***** Data to examine *****

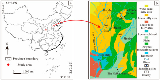 Loess forms through the deposition of aeolian sediments [1] in arid or semi-arid environments, so it normally has unique structural properties [2] and water sensitivity [3,4]. In many cases, such properties can result in negative effects, including extensive surface erosion [5,6] and catastrophic geological hazards [7,8,9]. Covering an estimated total area of 6.4 × 105 km2, the Loess Plateau has the most complex loess topography in China and, therefore, exhibits great environmental vulnerability to human activities [10,11]. Especially in recent years, frequent and intense disturbance by external factors, including human engineering activities [12,13] and extreme climate change [14,15], have exacerbated this vulnerability. Hence, loess is regarded as one of the problematic soils that requires attention in this region [16,17]. Moreover, knowing the situation and the solutions to one of the areas of the world affected by land degradation and desertification processes is relevant to achieve the sustainable development goals of the United Nations [18,19]. This will help to achieve the land degradation neutrality challenge [20].
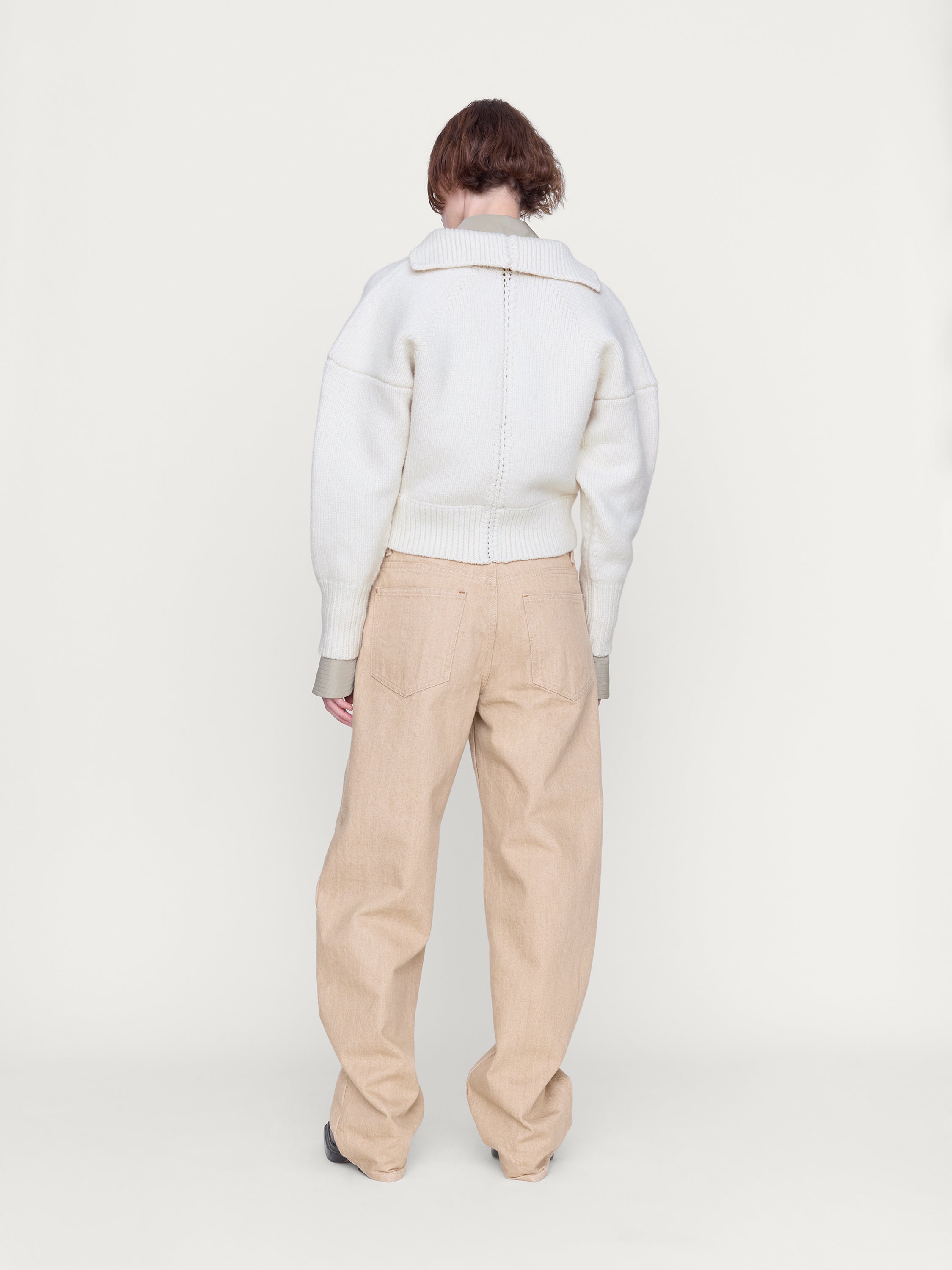 A relaxed v-neck sweater with whipstitch detail and extended collar knitted in an airy chainette wool yarn.
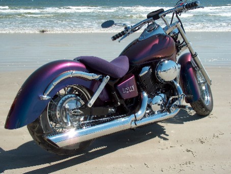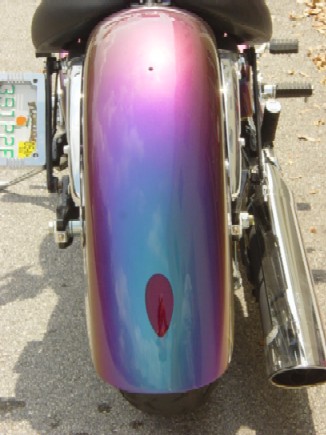 Chameleon Paint, Completely shaved, Vertical half moon tag, Flush mounted teardrop l.e.d., & lots of chorme stuff
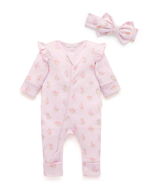 Rare Editions Baby Girls Daisy-Print Eyelet Romper & Headband, 2 Piece Set
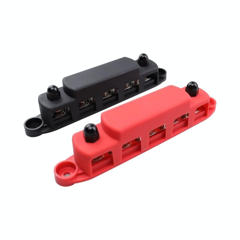 CP-4123 1 Pair RV Yacht M8 Single Row 5-way Power Distribution Block Busbar with Cover(Black + Red)
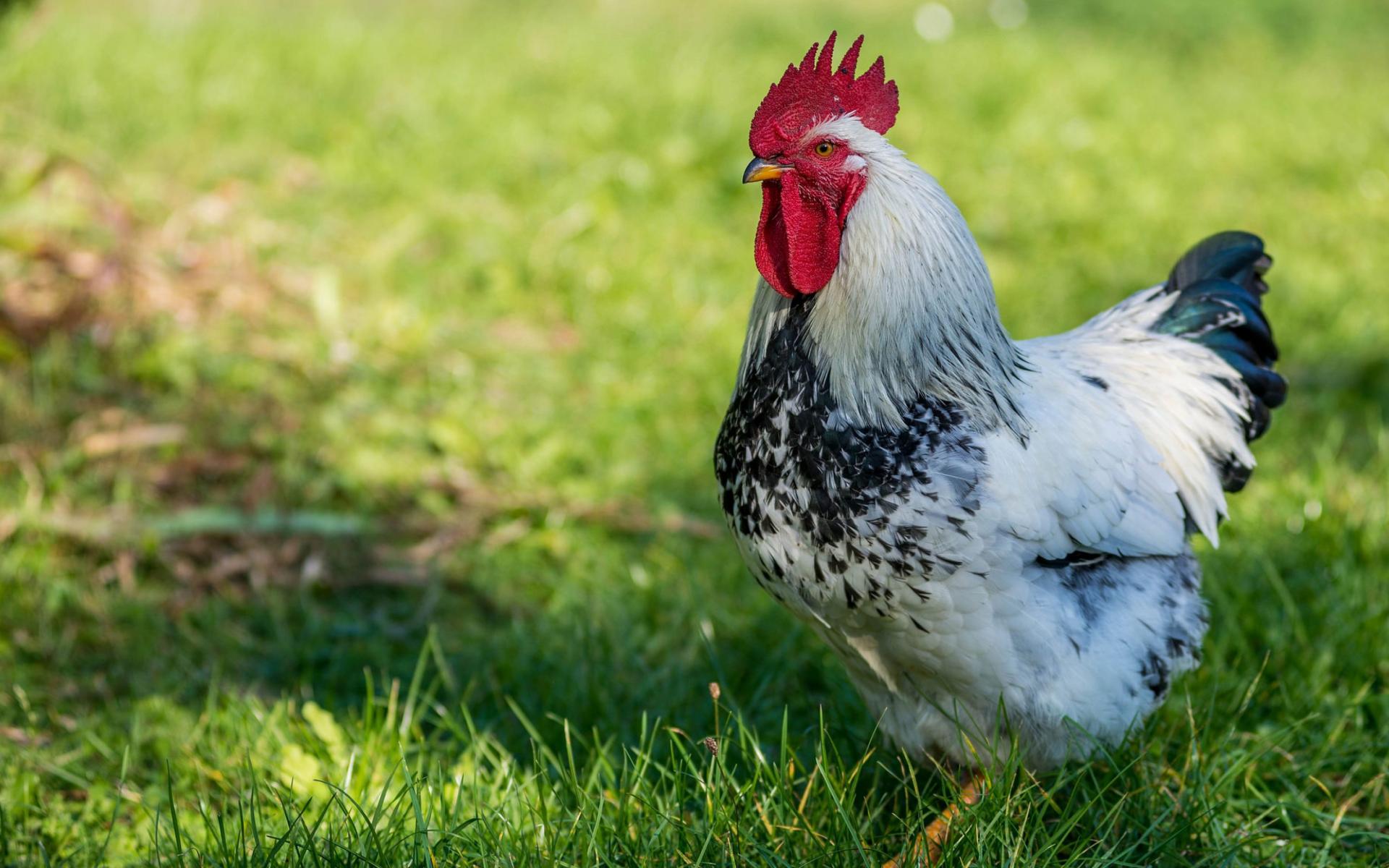 Обои Красивый петух на зеленой траве
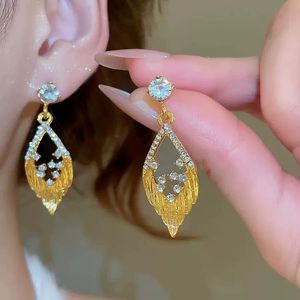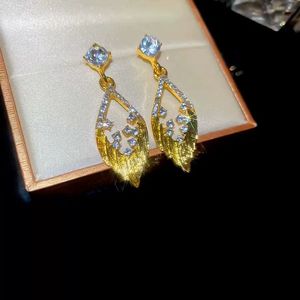 s925镶钻镂空树叶吊坠耳环时尚轻奢高级感耳钉小众气质百搭饰品女
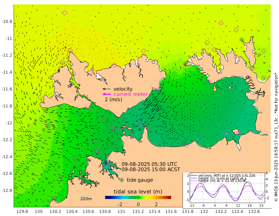 24cm/s -101T +4cm/s rms + 6cm/s 51T. Darwin_C1 52m 38cm/s -89T +4cm/s rms + 7cm/s -161T. Darwin_CW1 22m 23cm/s -108T +4cm/s rms + 8cm/s 61T. Darwin_CW2 34m 47cm/s -140T +3cm/s rms + 9cm/s 98T. Darwin_CW3 22m 55cm/s -91T +5cm/s rms + 7cm/s 88T. Darwin_C3 56m 4cm/s 36T +2cm/s rms + 9cm/s -126T. Darwin_CTbW 22m 34cm/s 100T +1cm/s rms + 1cm/s -47T. DARBGF 30m 38cm/s 133T +4cm/s rms + 3cm/s 80T. NRSDAR 19m 80cm Goodrich Bank 17cm Point Jenny 20cm Native Point 2cm Fish Reef 3cm Tapa Bay 59cm Point Fawcett (Offshore) -14cm Burge Point 0cm Munkunuwa 28cm Beagle A -15cm Parsons Bank -11cm Fenton Patches -25cm Hancox Shoal Area -30cm Nightcliff -34cm Darwin -8cm Charles Point Patches -46cm Glyde Point -89cm Chambers Bay -94cm Point Stuart -53cm Cape Hotham -73cm Christine Reef -114cm West Alligator Head -133cm East Field Island -55cm Two Hills Bay -51cm Camp Point -5cm Medina Inlet South 63cm South Barlow Point 70cm St. Asaph Bay 84cm Cape Van Dieman 82cm Snake Bay 79cm Cache Point 60cm Point Jahleel (Off) 27cm Cape Don 63cm Port Essington 64cm Smith Point - West 66cm NW Peacock Island 64cm North Of Jones Shoal 23cm Peacock Island 58cm Point David 67cm D'urville Point 53cm Copeland Island 53cm One Tree Point
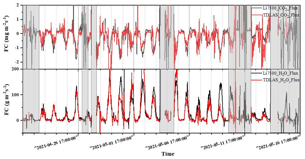 Fig. 3. Comparison of (a) CO2 flux and (b) H2O flux for approximately a month. (Image by GU Mingsi)
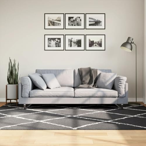 Tapis de salon poil longs faux shaggy moelleux noir monochro...
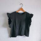 ◆ZARA/ザラ◆フリル袖カットソー★ブラックM*シンプルコーデ♪美品
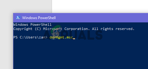 Type devmgmt.msc in the PowerShell

*****

What do the entries above read from the line containing "A relaxed v-neck" through the line containing "s925镶钻镂空树叶吊坠耳环时尚轻奢高级感耳钉小众气质百搭饰品女"? Output those lines exactly, both ends included, with the pictures left out.

§ **Expected answer**:
 A relaxed v-neck sweater with whipstitch detail and extended collar knitted in an airy chainette wool yarn.
 Chameleon Paint, Completely shaved, Vertical half moon tag, Flush mounted teardrop l.e.d., & lots of chorme stuff
 Rare Editions Baby Girls Daisy-Print Eyelet Romper & Headband, 2 Piece Set
 CP-4123 1 Pair RV Yacht M8 Single Row 5-way Power Distribution Block Busbar with Cover(Black + Red)
 Обои Красивый петух на зеленой траве
 s925镶钻镂空树叶吊坠耳环时尚轻奢高级感耳钉小众气质百搭饰品女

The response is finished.